Dahası, Türk politikası geri tepti. Türkiye kendisini, hem PKK tarafından hem de IŞİD tarafından hedef gösterilir halde buldu, Türkiye şehirleri, savaş alanına döndü.
Türkiye’deki başarısız darbe girişimi ile Erdoğan değişmeye karar verdi.
Rusya ile (ve bu sebeple İsrail ile de) barıştı, IŞİD’e savaş ilan etti, AB ile belirli bir seviyede ilişki geliştirdi, İran ile farklılıklarını onarmaya çabaladı ve şimdi de Suriye işgalinden sonra büyük olasılıkla Suriye’deki rejimi değiştirmekten vazgeçecek.
Sürpriz Türk operasyonu, Suriye ve Irak’taki savaşta giderek daha fazla toprak kaybeden IŞİD’in de kaderini belirleyecek.
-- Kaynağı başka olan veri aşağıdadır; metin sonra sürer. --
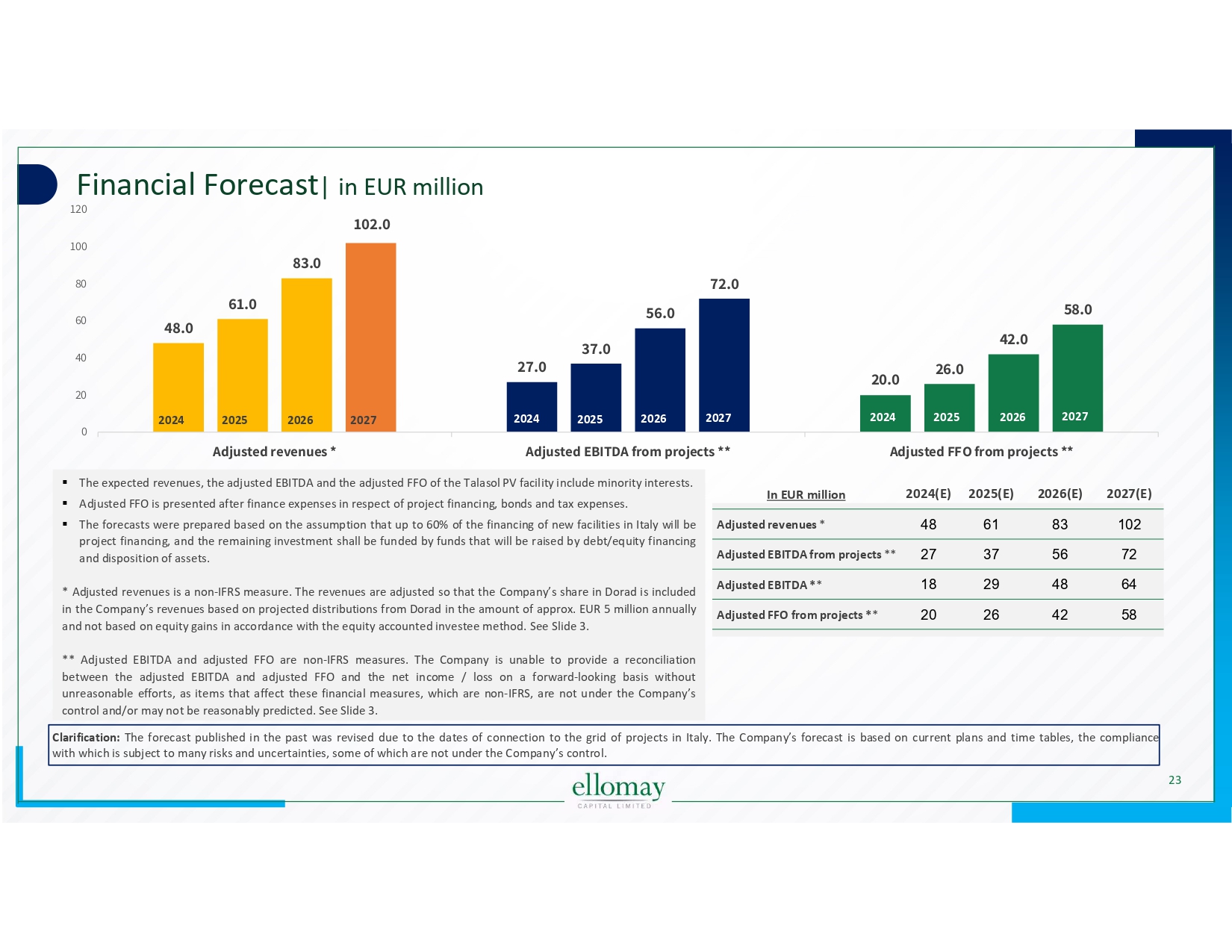 Financial Forecast | in EUR million 48.0 23 27.0 20.0 61.0 37.0 26.0 83.0 56.0 42.0 72.0 58.0 0 20 40 60 80 100 120 102.0 Adjusted revenues * Adjusted EBITDA from projects ** Adjusted FFO from projects ** 2027 2026 2025 2024 2027 2026 2025 2024 2027 2026 2025 2024 Adjusted revenues * 48 61 83 102 Adjusted EBITDA from projects ** 27 37 56 72 Adjusted EBITDA * * 18 29 48 64 Adjusted FFO from projects * * 20 26 42 58 ▪ The expected revenues, the adjusted EBITDA and the adjusted FFO of the Talasol PV facility include minority interests. 2027(E) 2026(E) 2025(E) 2024(E) In EUR million ▪ Adjusted FFO is presented after finance expenses in respect of project financing, bonds and tax expenses. ▪ The forecasts were prepared based on the assumption that up to 60% of the financing of new facilities in Italy will be project financing, and the remaining investment shall be funded by funds that will be raised by debt/equity financing and disposition of assets. * Adjusted revenues is a non - IFRS measure. The revenues are adjusted so that the Company’s share in Dorad is included in the Company’s revenues based on projected distributions from Dorad in the amount of approx. EUR 5 million annually and not based on equity gains in accordance with the equity accounted investee method. See Slide 3. ** Adjusted EBITDA and adjusted FFO are non - IFRS measures. The Company is unable to provide a reconciliation between the adjusted EBITDA and adjusted FFO and the net income / loss on a forward - looking basis without unreasonable efforts, as items that affect these financial measures, which are non - IFRS, are not under the Company’s control and/or may not be reasonably predicted. See Slide 3. Clarification: The forecast published in the past was revised due to the dates of connection to the grid of projects in Italy. The Company’s forecast is based on current plans and time tables, the compliance with which is subject to many risks and uncertainties, some of which are not under the Company’s control.

Birkaç ay içerisinde, Irak ordusu, ülkenin en büyük ikinci şehri olan Musul’u geri almayı umuyor.
Ancak yine de IŞİD çökmenin eşiğindeyken, Türk işgali Suriye’deki savaşın küresel, bölgesel ve yerel çatışma ve düşmanlıklarıyla uzamasına neden olabilir.